And the spring constant is 50 N/m. The natural length of the spring is 0.5m. The ring is initially at rest and is then displaced by 0.2m from its equilibrium position and released. Find the period of oscillation of the ring.
To find the period of oscillation, we can use Hooke's Law and the equation for the period of a mass-spring system.
Hooke's Law states that the force exerted by a spring is proportional to the displacement from its equilibrium position. Mathematically, this can be expressed as:
F = -kx
Where F is the force exerted by the spring, k is the spring constant, and x is the displacement from the equilibrium position.
In this case, the spring constant is 50 N/m and the displacement is 0.2m. Plugging these values into the equation, we can find the force exerted by the spring:
F = -50 * 0.2
F = -10 N
Since the force is negative, it means that the force is acting in the opposite direction of the displacement, which is towards the equilibrium position.
Now, let's consider the forces acting on the ring. The only force acting on the ring is the force exerted by the spring. According to Newton's second law, the net force acting on an object is equal to the mass of the object multiplied by its acceleration:
F_net = m * a
Since the only force acting on the ring is the force exerted by the spring, we can say that F_net is equal to the force exerted by the spring:
F_net = -10 N
Since the ring is initially at rest, its initial velocity is zero. Therefore, the net force acting on the ring is equal to the mass of the ring multiplied by its acceleration:
-10 N = 3 kg * a
Solving for acceleration:
a = -10 N / 3 kg
a = -3.33 m/s^2
Again, the negative sign indicates that the acceleration is in the opposite direction of the displacement, which means it is towards the equilibrium position.
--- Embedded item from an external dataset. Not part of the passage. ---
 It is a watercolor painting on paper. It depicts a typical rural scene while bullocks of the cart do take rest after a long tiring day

Now, let's use the equation for the period of a mass-spring system:
T = 2π * sqrt(m/k)
Where T is the period, m is the mass of the object, and k is the spring constant.
Plugging in the values:
T = 2π * sqrt(3 kg / 50 N/m)
T = 2π * sqrt(0.06 kg/N)
T ≈ 2π * 0.2449 s
T ≈ 1.54 s
Therefore, the period of oscillation of the ring is approximately 1.54 seconds.
To find the period of oscillation, we can use Hooke's Law and the equation for the period of a mass-spring system.
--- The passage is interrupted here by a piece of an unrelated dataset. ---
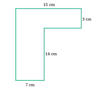 A composite shape is made up of two smaller rectangles. Rectangle 2 shares its upper side with rectangle 1, but rectangle 1 is wider and extends to the right. The upper side of rectangle 1 is marked 15 cm, the right side is marked 3 cm. The right side of rectangle 2 is marked 16 cm, the bottom side is marked 7 cm.
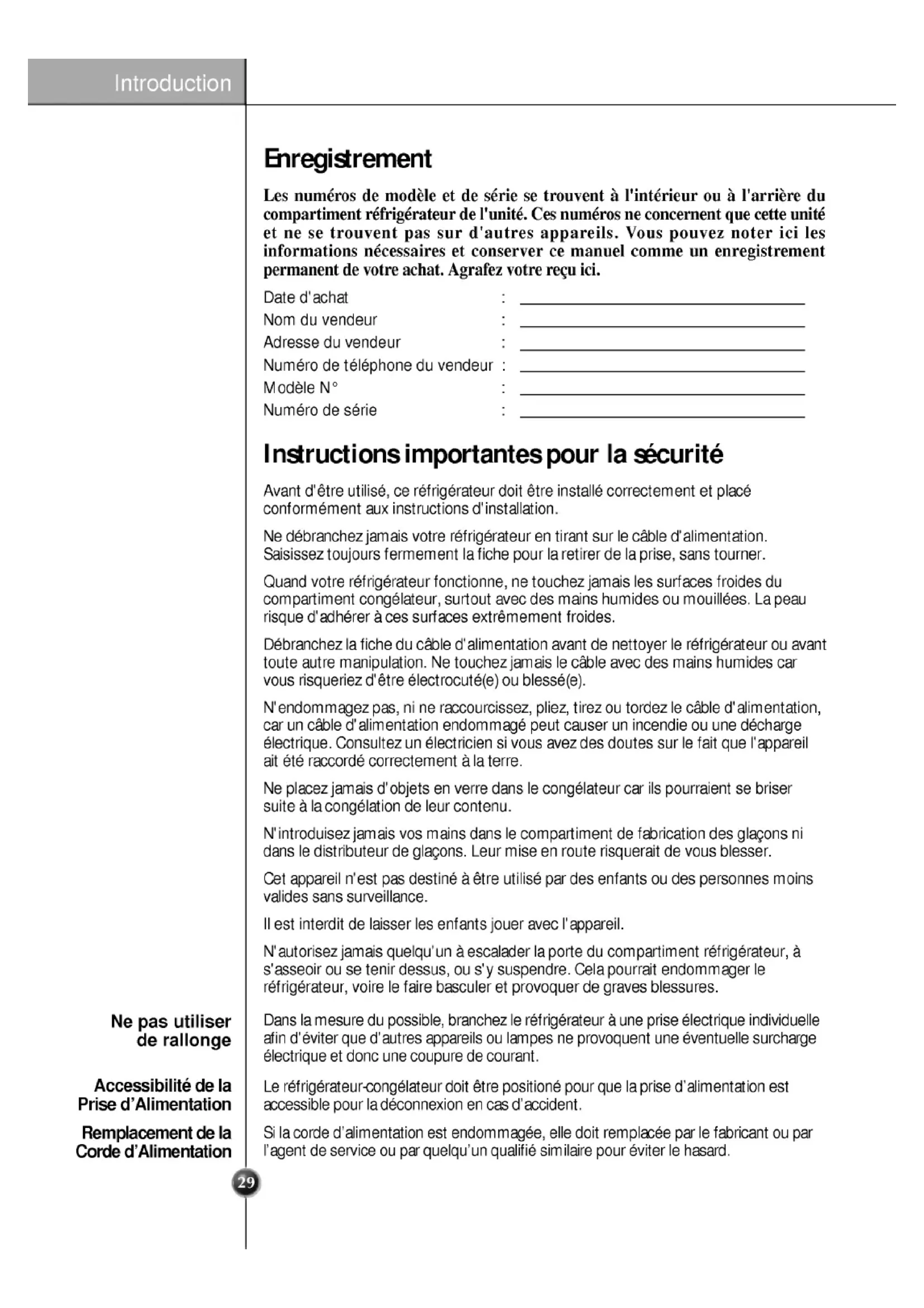 Risque d'enfermementd'unenfant.Avantde jeter votrevieux refrigerateur congelateur: Enlevezlesportesmaislaissezles etageres place afin d'empecher desenfantsdese glisser facilemental'interieur.Cet appareil n'estpasdestineaetreutilisepardesenfantsoudespersonnesmoinsvalidessanssurveillance. estinterditdelaisserlesenfants jouer avec l'appareil. Neconservezoun'utilisezpasdel'essenceoud'autres produits inflammables (liquides gazeux) proximite decet appareil oud'autres appareils.

Hooke's Law states that the force exerted by a spring is proportional to the displacement from its equilibrium position. Mathematically, this can be expressed as:
F = -kx
Where F is the force exerted by the spring, k is the spring constant, and x is the displacement from the equilibrium position.
In this case, the spring constant is 50 N/m and the displacement is 0.2m. Plugging these values into the equation, we can find the force exerted by the spring:
F = -50 * 0.2
F = -10 N
Since the force is negative, it means that the force is acting in the opposite direction of the displacement, which is towards the equilibrium position.
Now, let's consider the forces acting on the ring. The only force acting on the ring is the force exerted by the spring. According to Newton's second law, the net force acting on an object is equal to the mass of the object multiplied by its acceleration:
F_net = m * a
Since the only force acting on the ring is the force exerted by the spring, we can say that F_net is equal to the force exerted by the spring:
F_net = -10 N
Since the ring is initially at rest, its initial velocity is zero. Therefore, the net force acting on the ring is equal to the mass of the ring multiplied by its acceleration:
-10 N = 3 kg * a
Solving for acceleration:
a = -10 N / 3 kg
a = -3.33 m/s^2
Again, the negative sign indicates that the acceleration is in the opposite direction of the displacement, which means it is towards the equilibrium position.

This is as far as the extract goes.